Now, how can we invoke that string, but also have it available for the letter picking process we still want to do? We could store it in a variable (and reuse that variable,) but it might be easier to use the Foreach-Object cmdlet to loop over the (single) string, and then reuse the implicit $_ variable.

PS >'"Hello"' | Foreach-Object { Invoke-Expression $_; $_[3,2,2] }
Hello
l
e
e 

PowerShell naturally emits those last objects one-by-one, so let’s join them into a string:

PS >'"Hello"' | Foreach-Object { Invoke-Expression $_; -join $_[3,2,2] }
Hello
lee 

That looks like the approach we need to pick the letters out of our original script. I generated a table and reviewed its output:

PS >$script = '(18029799997931744,139752119745773792|%{"{0,60}"-f [Convert]
::ToString($_, 2).Replace("0"," ")})-split''(.{12})''|?{$_}'
PS >$x = 0; $script.ToCharArray() | % { "$x : $_"; $x++ }
0 : (
1 : 1
2 : 8
3 : 0
4 : 2
5 : 9
6 : 7
51 : [
52 : C
53 : o
54 : n
55 : v
56 : e
57 : r
58 : t
59 : ]
116 : }

Unfortunately, the script output is missing a few chararcters: “M”, and “h”. It’s also missing a “y”, but using a “v” is a common trick due to its visual similarity. Where can we pack those letters in, though?
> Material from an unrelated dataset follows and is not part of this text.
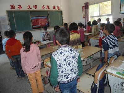 29日,郧县五峰乡界牌完全小学学生在中国文明网上签名寄语、向国旗敬礼。在祖国华诞65周年到来之际,该县中小学校组织4万名学生登录中国文明网或其他链接网站,积极参加“向国旗敬礼、做有道德的人”网上签名寄语活动,表达庆祝祖国诞辰、共筑中国梦的美好心声。 (视界网 周学山)

The regular expression looks like the perfect place. It splits on sequences of 12 characters, so we could also ask it to split on the non-existent string “Mh”. It would have no impact, but would give us the characters we need. Some readers thought that the “v” instead of a “y” was a typo, so Robert (in the comments) fixed the script by adding the “y” to this throwaway piece of the regular expression.

'(18029799997931744,139752119745773792|%{"{0,60}"-f [Convert]::ToString($_, 2).Replace("0"," ")})-split''(.{12}|Mhy)''|?{$_}

After adding the extra text to the script, review the output again and get a big list of numbers:

… –join $_[110,79,66,66,55,91,52,111,66,67,97,101,110,82,97]

That’s unbecoming of an obfuscated script. Luckily, those numbers are in the regular ASCII range, and we can convert them to a string:

PS >[char[]] (110,79,66,66,55,91,52,111,66,67,97,101,110,82,97)
n
O
B
B
7
[
4
o
B
C
a
e
n
R
a
PS >[int[]] [char[]] "nOBB7[4oBCaenRa"
110
79
66
66
55
91
52
111
66
67
97
101
110
82
97

PowerShell’s array slicing does automatic integer casting if needed, so we are fine just converting the string to a sequence of characters:

… $_[[char[]]"nOBB7[4oBCaenRa"]}

And there you have it: 1200 words to describe 177 characters.